***** Materials provided

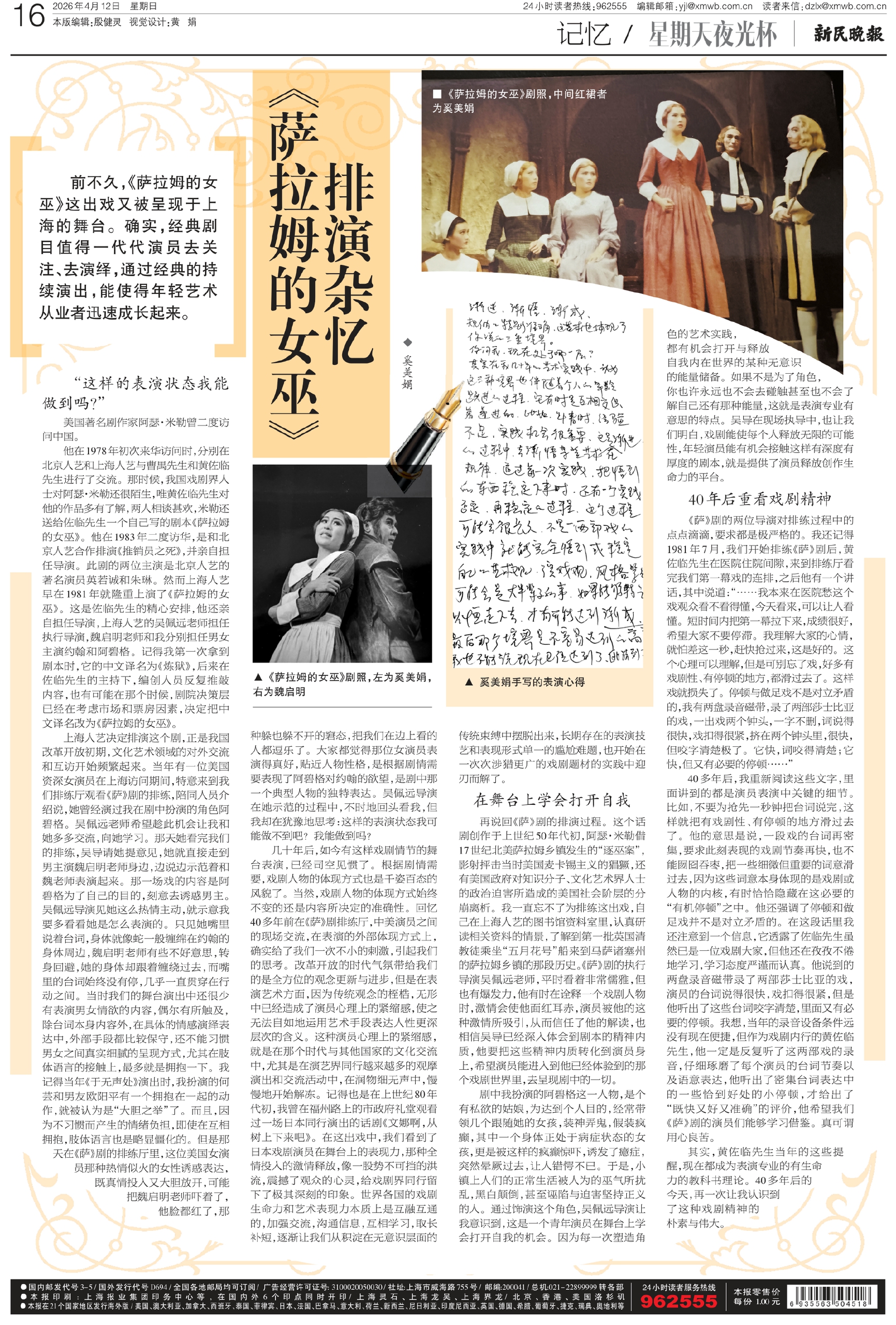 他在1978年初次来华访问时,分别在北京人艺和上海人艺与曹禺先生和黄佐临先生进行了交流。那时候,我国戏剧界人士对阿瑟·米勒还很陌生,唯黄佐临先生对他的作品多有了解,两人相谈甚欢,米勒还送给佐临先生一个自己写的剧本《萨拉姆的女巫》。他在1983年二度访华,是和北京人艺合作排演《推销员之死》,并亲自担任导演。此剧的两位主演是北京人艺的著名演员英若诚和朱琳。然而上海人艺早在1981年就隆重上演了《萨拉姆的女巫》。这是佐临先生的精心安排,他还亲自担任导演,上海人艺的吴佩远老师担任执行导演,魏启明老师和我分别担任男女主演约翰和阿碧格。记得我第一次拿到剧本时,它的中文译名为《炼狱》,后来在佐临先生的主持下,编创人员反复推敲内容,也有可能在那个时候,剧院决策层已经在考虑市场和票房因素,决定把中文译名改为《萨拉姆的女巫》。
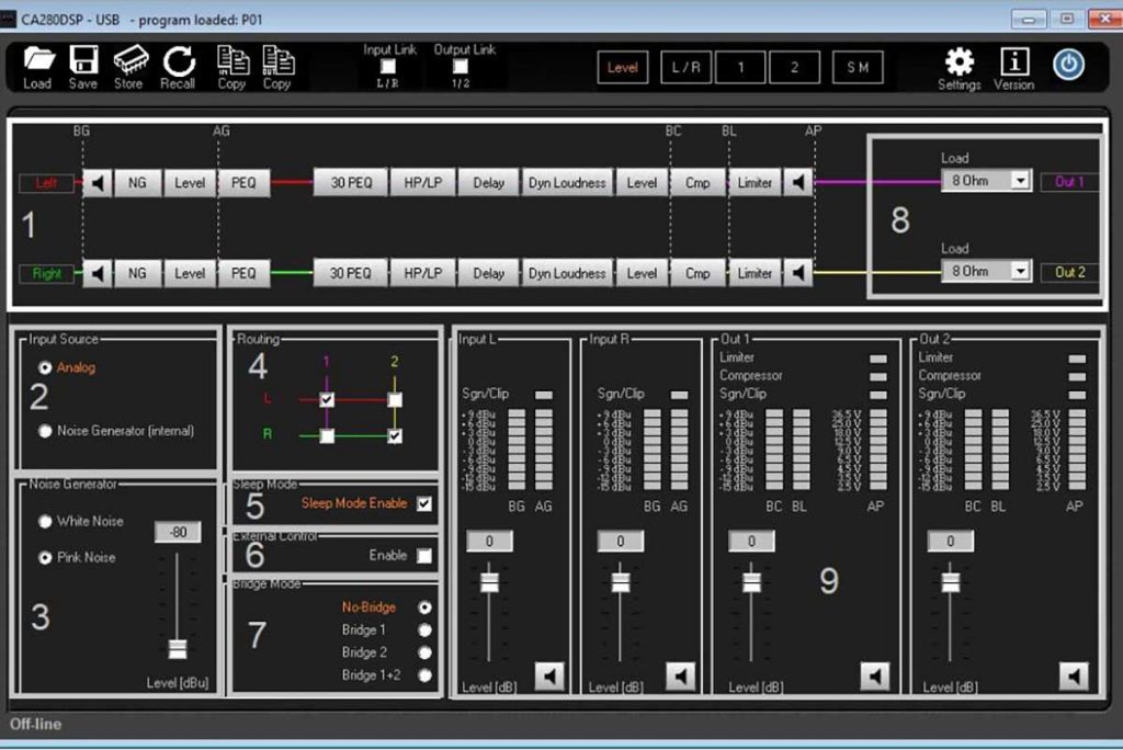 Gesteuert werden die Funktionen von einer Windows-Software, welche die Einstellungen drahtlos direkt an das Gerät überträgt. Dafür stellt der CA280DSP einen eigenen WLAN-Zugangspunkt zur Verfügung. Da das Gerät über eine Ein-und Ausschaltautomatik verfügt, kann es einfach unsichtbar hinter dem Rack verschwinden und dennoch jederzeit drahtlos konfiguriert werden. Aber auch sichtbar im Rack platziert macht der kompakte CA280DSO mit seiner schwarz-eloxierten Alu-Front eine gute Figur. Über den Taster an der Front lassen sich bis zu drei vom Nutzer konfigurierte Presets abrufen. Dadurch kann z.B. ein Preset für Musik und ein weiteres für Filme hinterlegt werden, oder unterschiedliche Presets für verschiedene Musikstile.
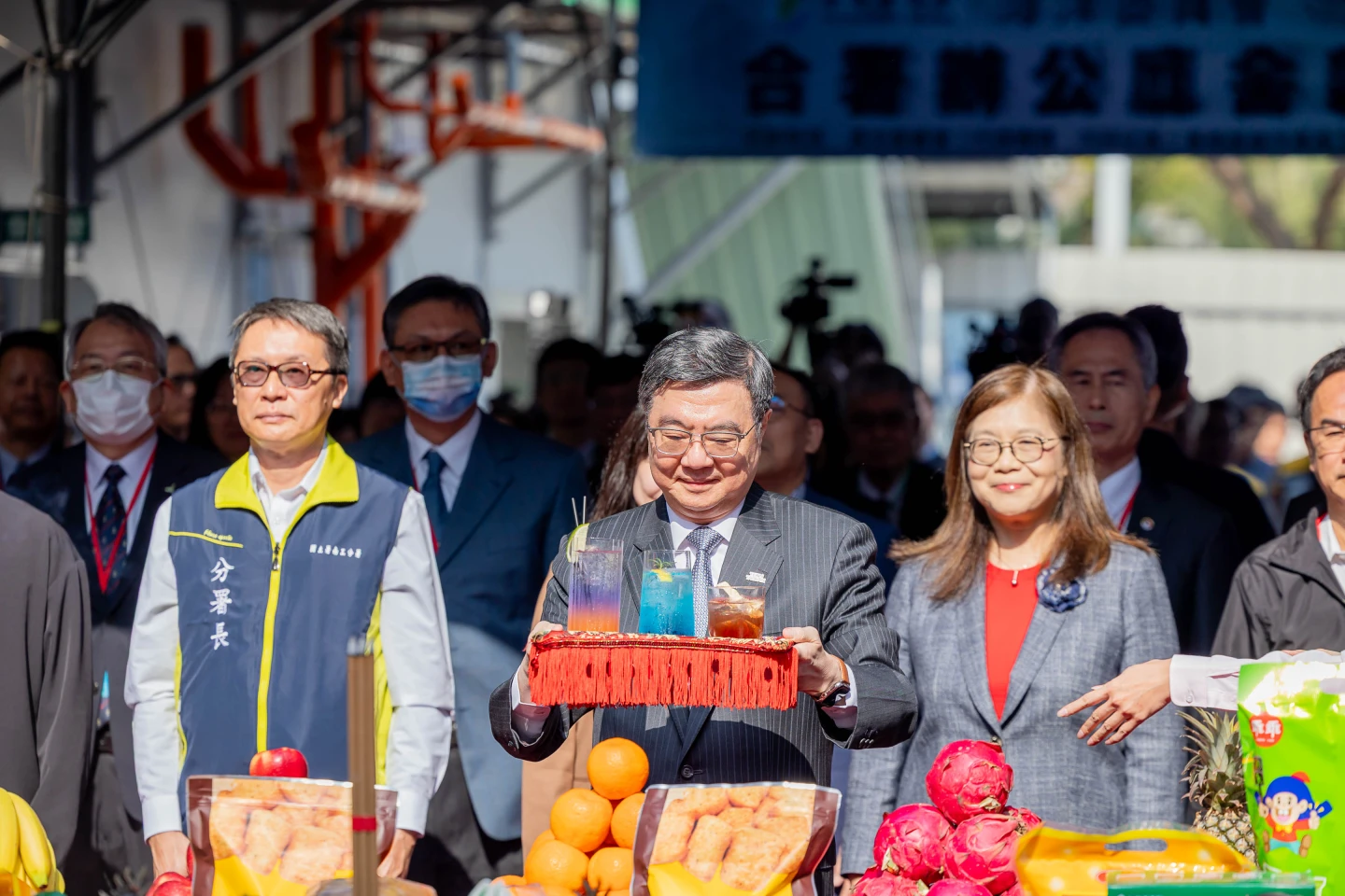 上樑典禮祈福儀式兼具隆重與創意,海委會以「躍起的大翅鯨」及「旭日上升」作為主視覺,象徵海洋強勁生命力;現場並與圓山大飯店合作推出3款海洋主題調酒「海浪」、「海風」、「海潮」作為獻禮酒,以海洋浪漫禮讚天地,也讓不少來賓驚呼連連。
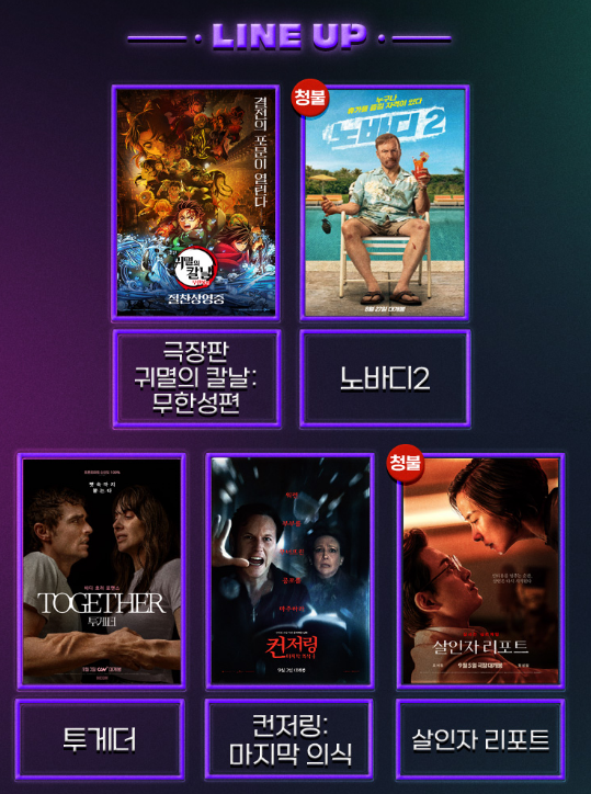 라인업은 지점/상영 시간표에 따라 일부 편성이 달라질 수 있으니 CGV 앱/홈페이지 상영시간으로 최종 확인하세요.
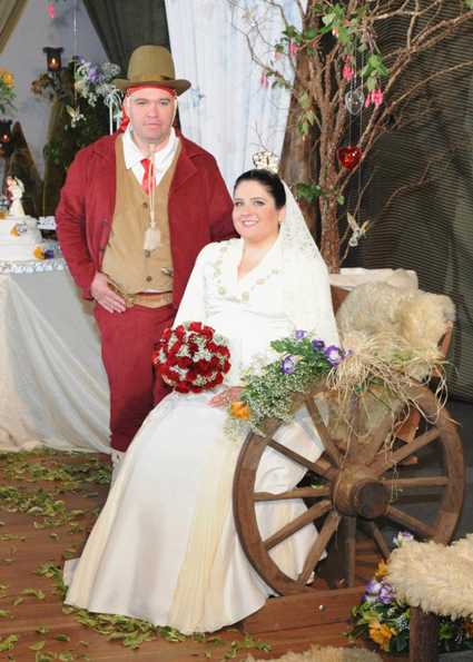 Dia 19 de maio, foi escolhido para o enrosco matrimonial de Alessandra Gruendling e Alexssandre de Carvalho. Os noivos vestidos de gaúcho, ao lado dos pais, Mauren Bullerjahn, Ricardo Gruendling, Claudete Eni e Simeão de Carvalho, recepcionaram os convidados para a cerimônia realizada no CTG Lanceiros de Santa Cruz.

**********

Exercise requirements: Output everything in the records above word for word, but not the pictures.

Response to the exercise:
 他在1978年初次来华访问时,分别在北京人艺和上海人艺与曹禺先生和黄佐临先生进行了交流。那时候,我国戏剧界人士对阿瑟·米勒还很陌生,唯黄佐临先生对他的作品多有了解,两人相谈甚欢,米勒还送给佐临先生一个自己写的剧本《萨拉姆的女巫》。他在1983年二度访华,是和北京人艺合作排演《推销员之死》,并亲自担任导演。此剧的两位主演是北京人艺的著名演员英若诚和朱琳。然而上海人艺早在1981年就隆重上演了《萨拉姆的女巫》。这是佐临先生的精心安排,他还亲自担任导演,上海人艺的吴佩远老师担任执行导演,魏启明老师和我分别担任男女主演约翰和阿碧格。记得我第一次拿到剧本时,它的中文译名为《炼狱》,后来在佐临先生的主持下,编创人员反复推敲内容,也有可能在那个时候,剧院决策层已经在考虑市场和票房因素,决定把中文译名改为《萨拉姆的女巫》。
 Gesteuert werden die Funktionen von einer Windows-Software, welche die Einstellungen drahtlos direkt an das Gerät überträgt. Dafür stellt der CA280DSP einen eigenen WLAN-Zugangspunkt zur Verfügung. Da das Gerät über eine Ein-und Ausschaltautomatik verfügt, kann es einfach unsichtbar hinter dem Rack verschwinden und dennoch jederzeit drahtlos konfiguriert werden. Aber auch sichtbar im Rack platziert macht der kompakte CA280DSO mit seiner schwarz-eloxierten Alu-Front eine gute Figur. Über den Taster an der Front lassen sich bis zu drei vom Nutzer konfigurierte Presets abrufen. Dadurch kann z.B. ein Preset für Musik und ein weiteres für Filme hinterlegt werden, oder unterschiedliche Presets für verschiedene Musikstile.
 上樑典禮祈福儀式兼具隆重與創意,海委會以「躍起的大翅鯨」及「旭日上升」作為主視覺,象徵海洋強勁生命力;現場並與圓山大飯店合作推出3款海洋主題調酒「海浪」、「海風」、「海潮」作為獻禮酒,以海洋浪漫禮讚天地,也讓不少來賓驚呼連連。
 라인업은 지점/상영 시간표에 따라 일부 편성이 달라질 수 있으니 CGV 앱/홈페이지 상영시간으로 최종 확인하세요.
 Dia 19 de maio, foi escolhido para o enrosco matrimonial de Alessandra Gruendling e Alexssandre de Carvalho. Os noivos vestidos de gaúcho, ao lado dos pais, Mauren Bullerjahn, Ricardo Gruendling, Claudete Eni e Simeão de Carvalho, recepcionaram os convidados para a cerimônia realizada no CTG Lanceiros de Santa Cruz.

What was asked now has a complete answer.